Mixed models are good at coping with unbalanced designs. This is one of their advantages compared to other approaches such as ANOVA-type models. So I would not worry about this.

You mention small group sizes, but the numbers you mention, are not, in my opinion, small. You will see in my answer to your other question that I was simulating data with maximum group sizes of 6 or 7 even in the second "large" simulation. Again. mixed models are very robust to small group sizes. In another answer, I showed that the mimumum cluster size is 1, under some mild assumptions.
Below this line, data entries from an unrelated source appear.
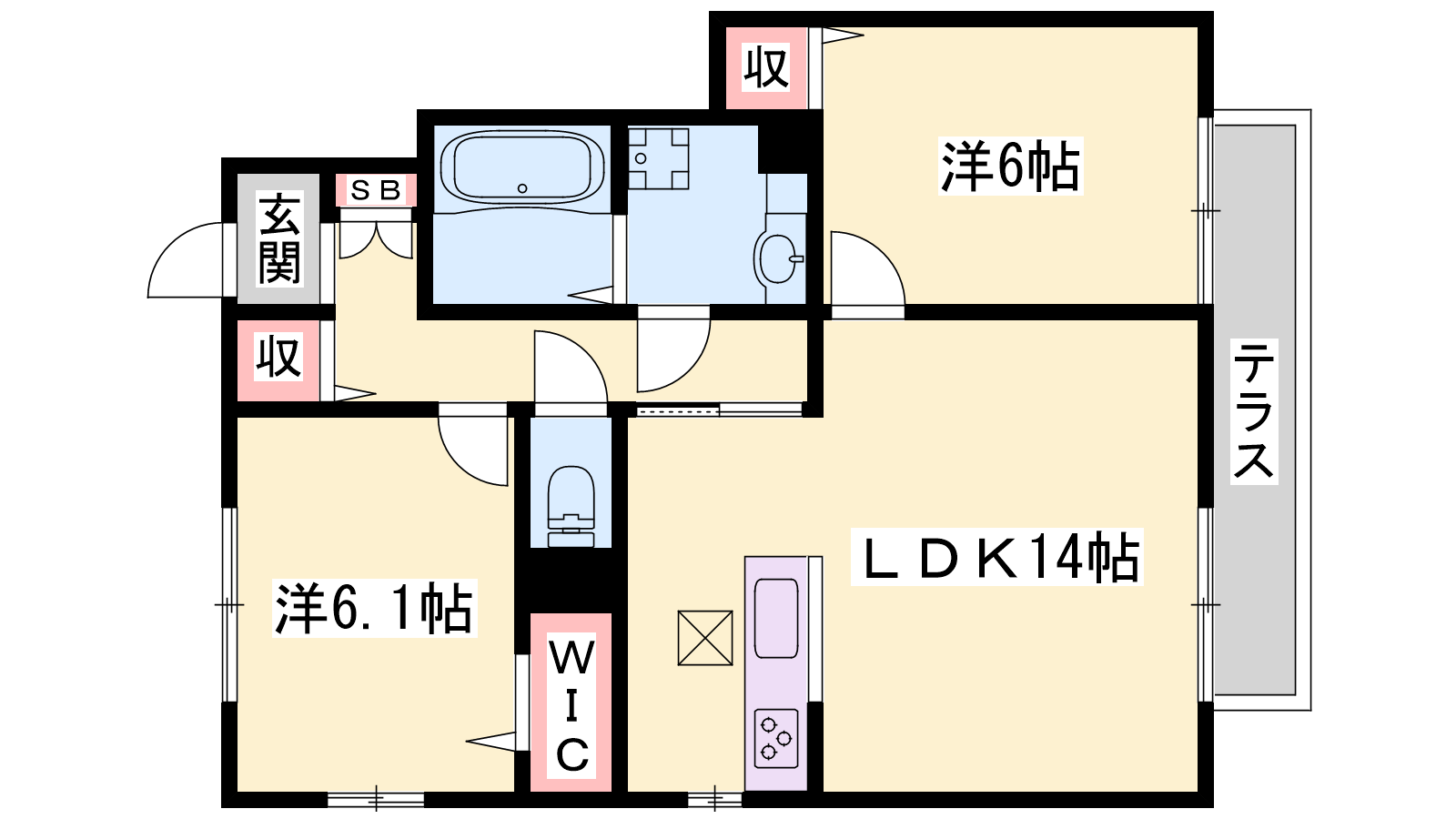 - LDK14帖、洋室6.1帖、洋室6帖
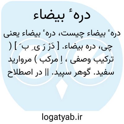 دره بیضاء. [ دَرْ رَ ی ِ ب َ ] ( ترکیب وصفی، اِ مرکب ) مروارید سفید. گوهر سپید. || در اصطلاح عرفانی، عقل اول، چنانکه آن را روح القدس و عرش مجید و لوح قضاو ام الکتاب و قلم اعلی و روح اعظم و ظل اول و عقاب هم نامند. ( از فرهنگ مصطلحات عرفا از تاریخ تصوف ص 645 ). و رجوع به درة البیضاء شود.
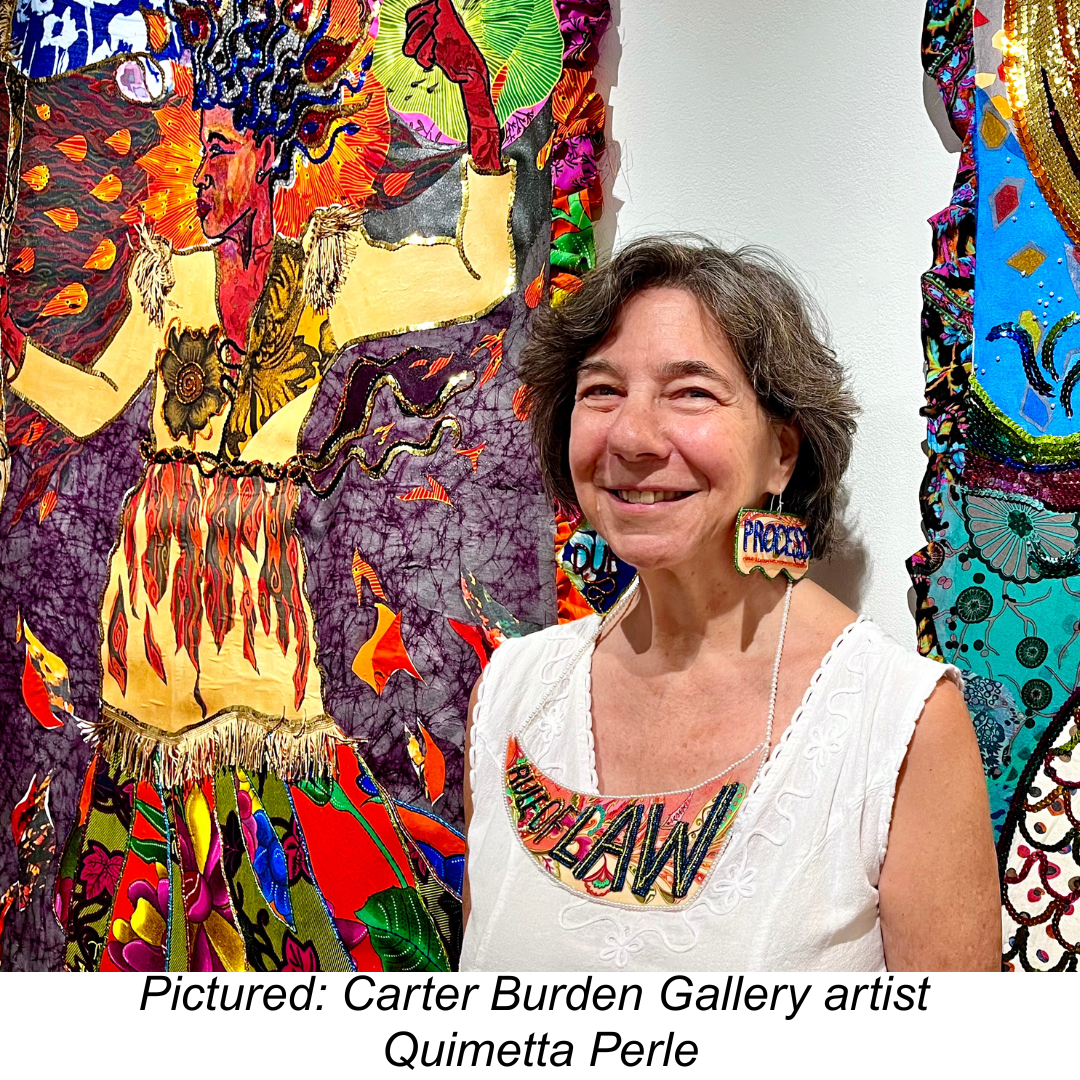 "I am very happy to be showing three of my major textile pieces at Carter Burden Gallery. These fabric works delve into different political and emotional spaces that women occupy. Liberty is an emphatic expression of the desire and thirst for freedom, embodied by a militant, allegorical Liberty. She is depicted as a strong, Black woman, very similar to the one I hoped would be leading the American people. Mermaid and Creatures of the Sea and Air is dazzling and joyous. It celebrates the ability to survive and thrive in diverse environments, negotiating the depths of the subconscious as well as the workaday world of the surface. This is not The Little Mermaid, a foolishly romantic Disnification, but an older, wiser mermaid. Witness (for Shazia Sikander) is a gesture to an artist whose beautiful bronze statue honoring women’s strength was beheaded by a man with a hammer. It is spiritual in nature, celebrating the triumph of the spirit over the hatefulness of the perpetrator."

Small numbers of groups is a bit more of a problem because the random effects are treated as multinormally distributed so if you had, for example, 2 groups, it is obviously folly to treat them as random as there could be no hope of obtaining a sensible estimate for a normally distributed variable from a sample size of 2. There is some consensus around 6 being perhaps the minimum. Of course all situations are different and your mileage may vary. With 9 groups I think you are fine, but I would certainly explore the fixed effects model, and compare the results of interest. If there is meaningful differences then you would have quite an interesting problem. In that case I would probably report the results of both models.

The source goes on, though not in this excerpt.